*** Opening of Records ***
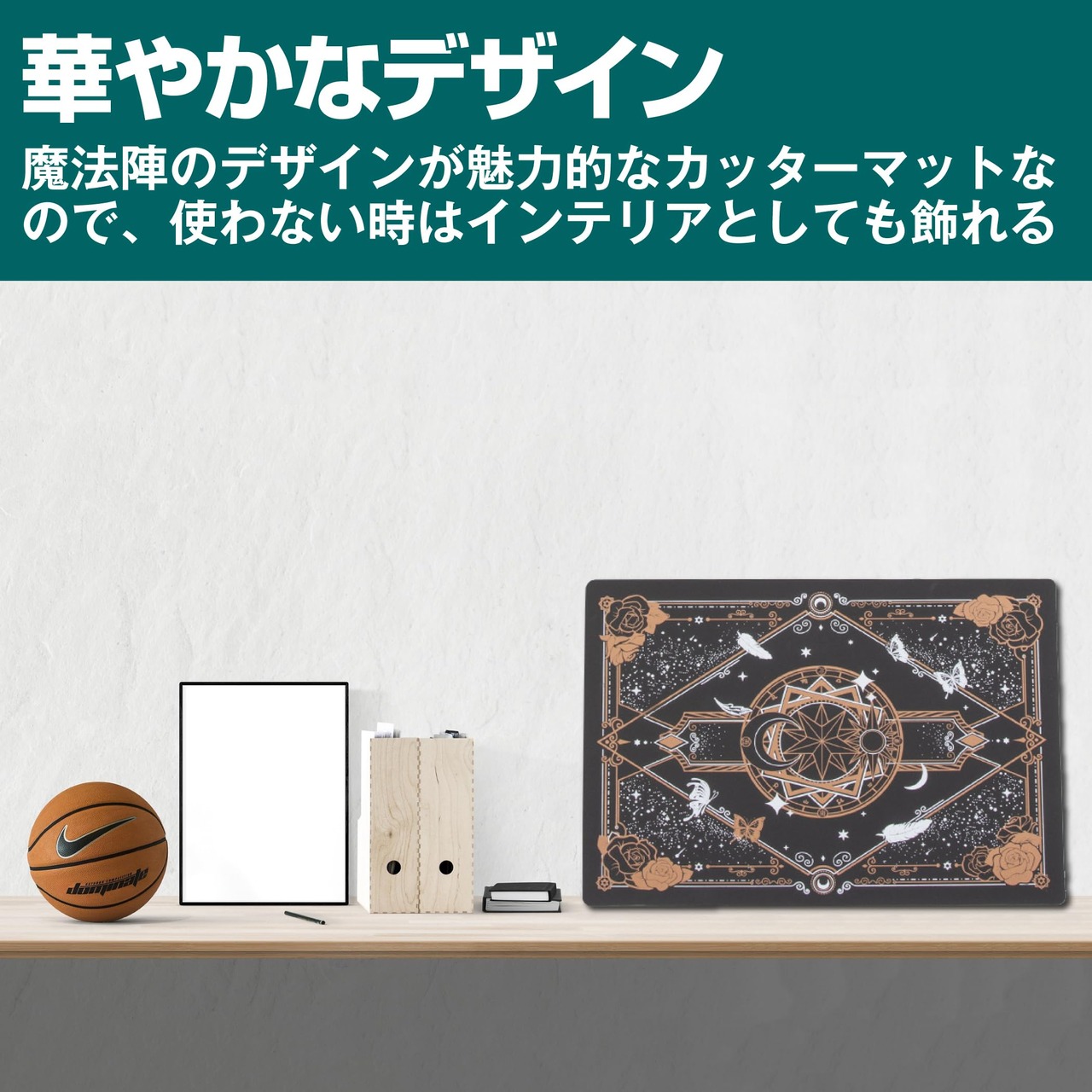 見た目もオシャレ:魔法陣のデザインが魅力的なカッターマットですので、作業環境の見た目を自分好みに整えたいと考えている方にもおすすめです。小学生のお子さんの夏休みの工作などの用途にもピッタリのマットです。
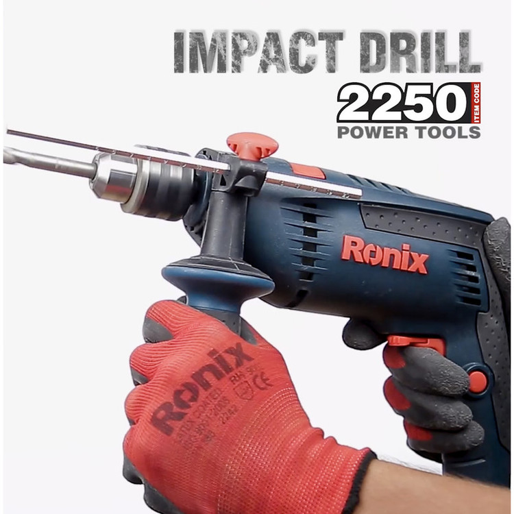 امروزه برای سوراخ کردن اجسام مختلف، از انواع دریلهای برقی یا شارژی استفاده میکنند. کار با این دستگاه کار چندان مشکلی نیست و نیاز به کسب مهارت خاصی ندارد. با توجه به میل افراد جامعه به انجام کارهای فنی در منزل، در بسیاری از خانهها نمونهای از این دستگاه دیده میشود. حتی بانوان هم میتوانند بهراحتی از این دستگاه استفاده کنند. دریلها انواع مختلفی دارند و انرژی موردنیاز خود را از برق یا باتری میگیرند. با استفاده از دریلهای معمولی قادر به سوراخ کردن اجسامی از جنس چوب، پلاستیک یا فلزات هستید. اما با دریلهای چکشی علاوه بر این موارد، دیوار، سرامیک و انواع مصالح ساختمانی را میتوانید سوراخ کنید. دریل چکشی رونیکس کد 2250 ابزاری مناسب برای سوراخکاری در انواع سطوح چوبی و فلزی است. حداکثر قطر سوراخکاری آن در چوب 20 میلیمتر و در فلز 13 میلیمتر و در مصالح نیز 13 میلیمتر است. این محصول از سیستم گردشی راستگرد و چپگرد بهره میبرد. این ابزار، امکان سوراخکاری در حالت معمولی و ضربهای را فراهم میسازد. منبع تغذیهی این دریل، برق شهری است و با ولتاژ ورودی 220 ولت کار میکند. توان خروجی این ابزار 850 وات است و میتواند با سرعت گردش تا 3000 دور در دقیقه به سوراخکاری بپردازد. برای سهولت در سوراخکاری، دستهای در قسمت جلویی دستگاه قرار دارد.
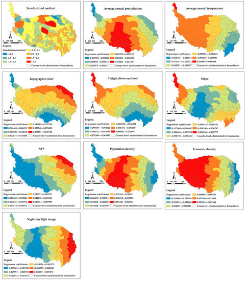 Spatial distribution of standardized residual and regression coefficients of driving factors.
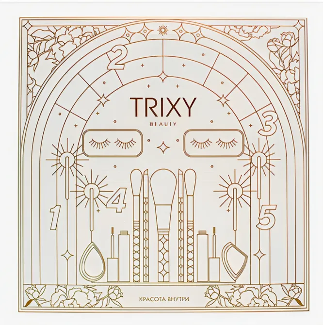 Российский бренд Trixy Beauty предложили покупательницам средства и аксессуары, которые будут очень кстати в преддверии праздников: гель для фиксации бровей, кисть и спонж для макияжа, накладные ресницы, блеск для губ. Набор небольшой, но в нём нет ничего лишнего.
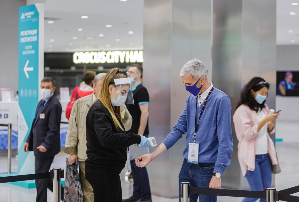 Процедуры прибытия, доступа и регистрации экспонентов, подрядчиков и посетителей, будут осуществляться бесконтактно. Моющие средства для рук будут доступны в штатных туалетных комнатах, а средства дополнительной ручной гигиены будут предоставлены в местах проведения деловых мероприятий, на входах в зал и во всех зонах интенсивного трафика. Уборка выставочной территории будет осуществляться ежедневно, а дезинфекция помещений — несколько раз в день. Лицам, находящимся на территории выставки без СИЗ и не соблюдающим правила гигиены, будет отказано в доступе на территорию выставки. Все посетители будут подвергаться скринингу температуры тела на входах в павильоны. Люди с повышенной температурой тела и симптомами заболевания будут изолированы для оказания экстренной медицинской помощи.
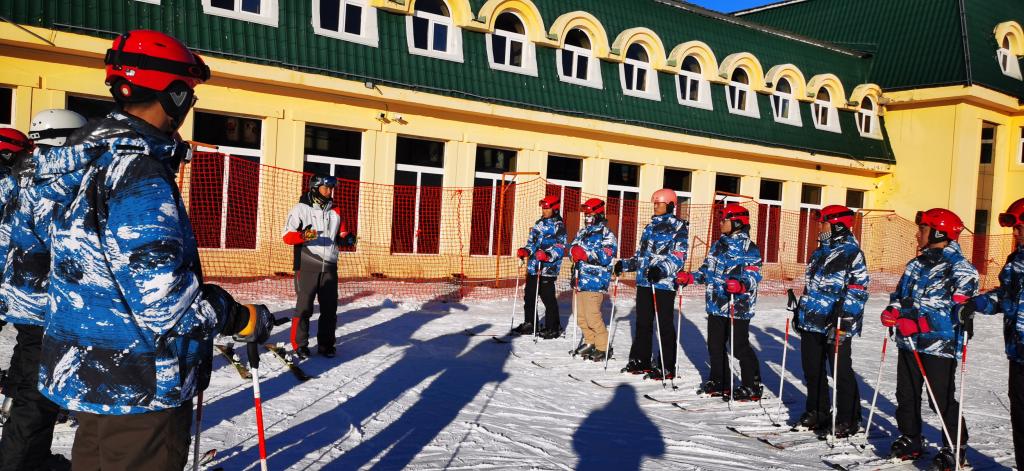 滑雪課因授課學生較多,分5批陸續進行。本次滑雪課程由4名教師帶領2020級4個教學班77名學生進行為期10天的單板和雙板兩個項目的學習。學生從滑雪服套裝和頭盔的穿戴、專項的準備活動、滑雪技能分階段的教學進行學習。學生精神狀態飽滿、上課積極性高漲,教學效果良好。
*** Close of Records ***
Only the lines from the one containing "Spatial distribution of" through the final line of the records should be retyped, exactly, with every picture omitted.

 Spatial distribution of standardized residual and regression coefficients of driving factors.
 Российский бренд Trixy Beauty предложили покупательницам средства и аксессуары, которые будут очень кстати в преддверии праздников: гель для фиксации бровей, кисть и спонж для макияжа, накладные ресницы, блеск для губ. Набор небольшой, но в нём нет ничего лишнего.
 Процедуры прибытия, доступа и регистрации экспонентов, подрядчиков и посетителей, будут осуществляться бесконтактно. Моющие средства для рук будут доступны в штатных туалетных комнатах, а средства дополнительной ручной гигиены будут предоставлены в местах проведения деловых мероприятий, на входах в зал и во всех зонах интенсивного трафика. Уборка выставочной территории будет осуществляться ежедневно, а дезинфекция помещений — несколько раз в день. Лицам, находящимся на территории выставки без СИЗ и не соблюдающим правила гигиены, будет отказано в доступе на территорию выставки. Все посетители будут подвергаться скринингу температуры тела на входах в павильоны. Люди с повышенной температурой тела и симптомами заболевания будут изолированы для оказания экстренной медицинской помощи.
 滑雪課因授課學生較多,分5批陸續進行。本次滑雪課程由4名教師帶領2020級4個教學班77名學生進行為期10天的單板和雙板兩個項目的學習。學生從滑雪服套裝和頭盔的穿戴、專項的準備活動、滑雪技能分階段的教學進行學習。學生精神狀態飽滿、上課積極性高漲,教學效果良好。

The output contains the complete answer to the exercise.